Project

General

Profile

action #94492

Configure retention/downsampling policy for monitoring data stored within InfluxDB size:M

Added by mkittler 6 months ago. Updated 5 days ago.

Status:
Resolved
Priority:
Normal
Assignee:
Target version:
Start date:
2021-06-22
Due date:
% Done:

0%

Estimated time:

Description

Motivation

Currently the default retention period is in-place:

> use telegraf
Using database telegraf
> show retention policies
name    duration shardGroupDuration replicaN default
----    -------- ------------------ -------- -------
autogen 0s       168h0m0s           1        true

According to the documentation that means we store the data infinitely¹.

It would be possible to configure a time-based retention policy per database (we store all our monitoring data in one database called telegraf): https://docs.influxdata.com/influxdb/v1.8/query_language/manage-database/#create-retention-policies-with-create-retention-policy
This raises the question which durations we'd like to configure. It would also make sense to "downsample and retain data" to store data with less granularity over time.

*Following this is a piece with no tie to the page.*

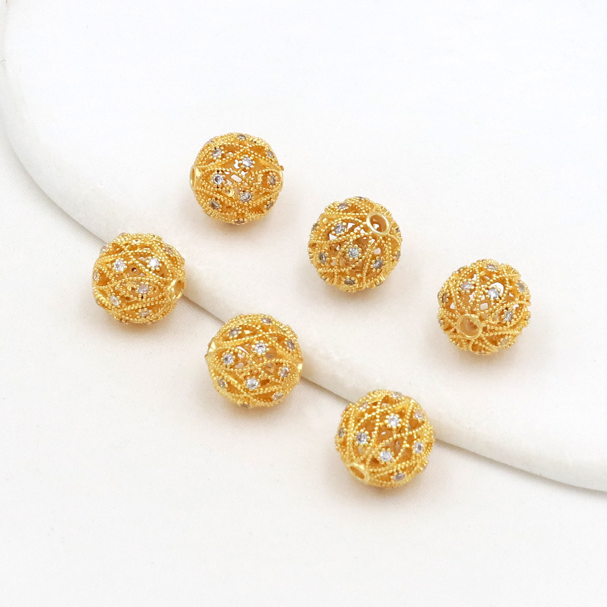 銅メッキ18k真金保色ジルコン蜂の巣コインビーズDIYアクセサリーブレスレットネックレスビーズ材料C45

I haven't found anything about disk-space-based retention policies within the documentation of InfluxDB so I assume this is not an option.


¹

When you create a database, InfluxDB creates a retention policy called autogen with an infinite duration…

Acceptance Criteria

  • AC1: The directory monitor.qa.suse.de:/var/lib/influxdb has significantly less than the current 120GB
  • AC2: Grafana is able to show at least 6 months worth of (optionally downsampled) data

Suggestions

  • Ensure we have a backup before the process remove data
  • Check what the current InfluxDB version 1.8 provides
  • If we have downsampling, we should aim for at least 1 month of full-sampled data data
  • Checkout previous attempts to export data
    • dump is still lying around at /var/lib/influxdb/dumps/postgresql; it can be deleted if the disk space is needed
    • see #93922#note-10 but do not make the same mistake of using grep again for filtering

Related issues

Related to openQA Infrastructure - action #103380: Configure retention/downsampling policy for specific monitoring data stored within InfluxDBNew2021-12-01

Copied to openQA Infrastructure - action #97583: [spike] Configure retention/downsampling policy for monitoring data stored within InfluxDB on newer influxdb versionRejected2021-06-22

History

#1 Updated by okurz 6 months ago

isn't this time series database meant to store data with less granularity over time?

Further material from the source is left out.